Within the financial wellness suite of solutions, fees are typically paid for at a plan sponsor level, she says. She recommends that plan sponsors pay for the service out of a human resources expense budget. However, if a plan has some type of ERISA budget, a company can also use that to pay for services.

Increasing Engagement

Woods says participant engagement varies greatly across client bases. Some sponsors take a very paternalistic view of their employees, while others take a more hands-off approach.

“Some [plan sponsors] want to offer a financial wellness solution just to check that box,” she says. “We see more [participant] engagement rates from employers who truly take a deep dive within their employees, and you can feel that they want to be heavily engaged. We’ve seen better adoption rates from those employers.”

Christian Mango, executive vice president of retirement plan services at Alera, says he believes the greatest levels of engagement occur when there is a high level of leadership buy-in. The more company leaders understand employees’ financial needs, the more committed they will be to helping staff improve their financial well-being and engage more with their benefits.

“Depending on that level of commitment, we may see engagement rates range from 10% to sometimes north of 50%, and those rates typically climb over time,” Mango says.

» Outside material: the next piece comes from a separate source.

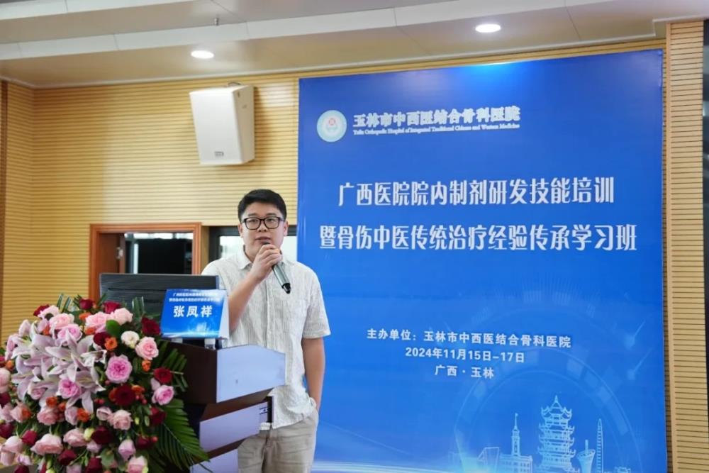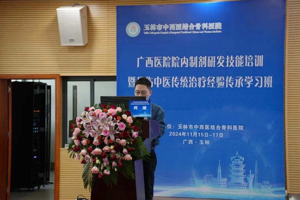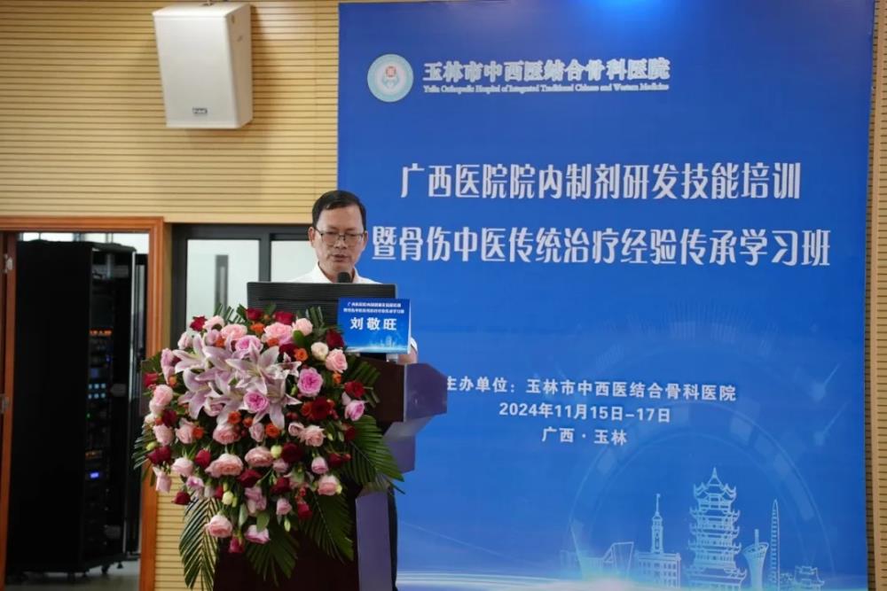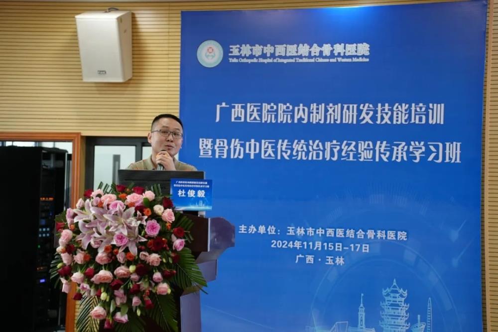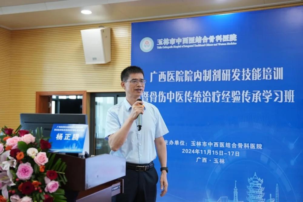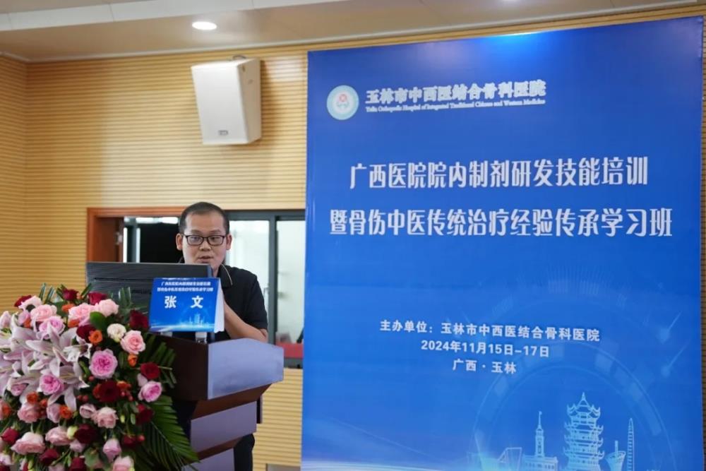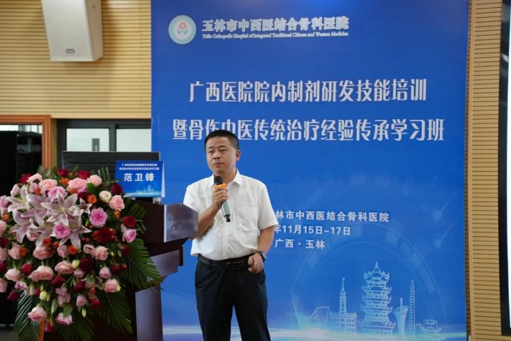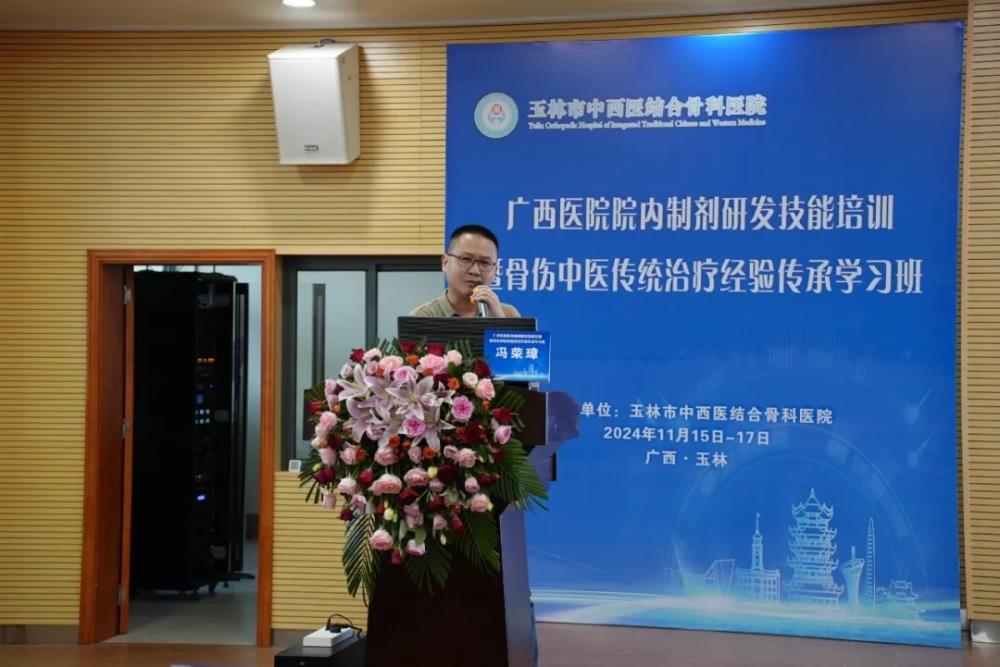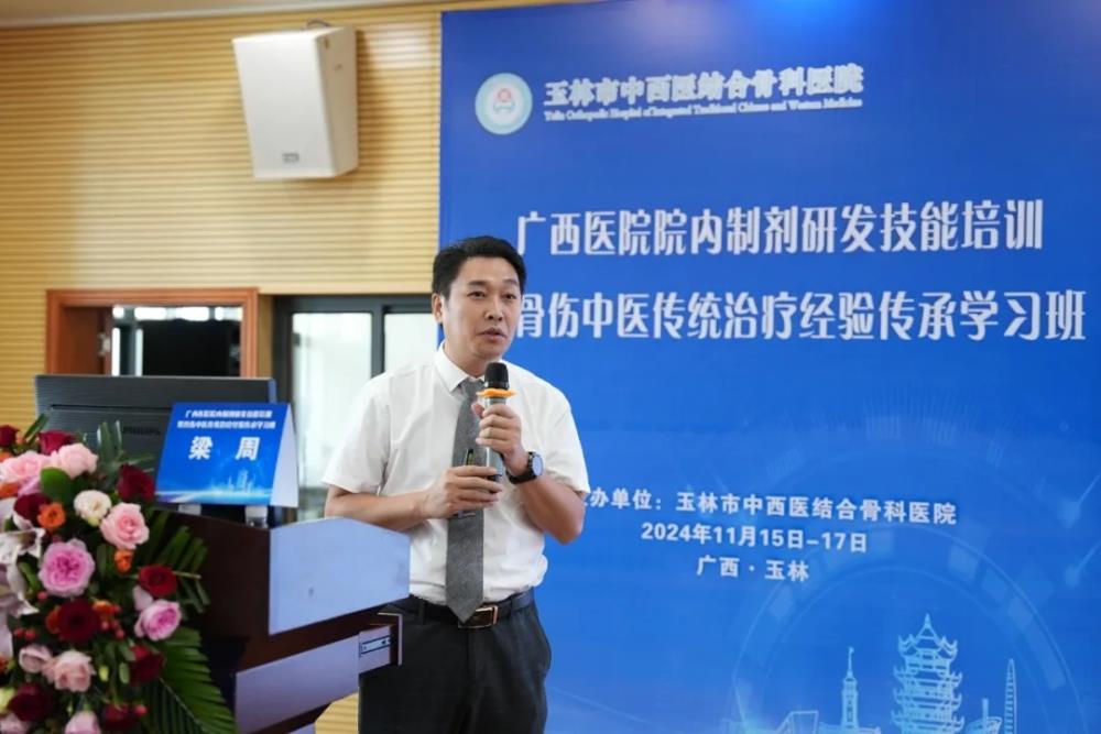 11月16日,广西医院院内制剂研发技能培训暨骨伤中医传统治疗经验传承学习班在玉林市中西医结合骨科医院顺利举行。会议由玉林市中西医结合骨科医院科教科负责人,膝关节外科负责人,主任医师黄宗权主持,来自全区各地的学员相聚一堂,共同交流学习。

The challenge for plan sponsors and advisers is creating a program to meet participants where they are, Mango says. That not only means dealing with the challenge of dispersed and remote workers, but also identifying and responding to how those workers want to engage. 

Chepnik believes organizations need a diverse group of educators that are “different ages, different genders, different walks of life.”

“Younger generations like everything electronic, whereas older generations like things on paper and in person,” Chepnik says. “We have to make sure we’re constantly thinking about whether we have enough in our menu of services that we can address these challenges differently.”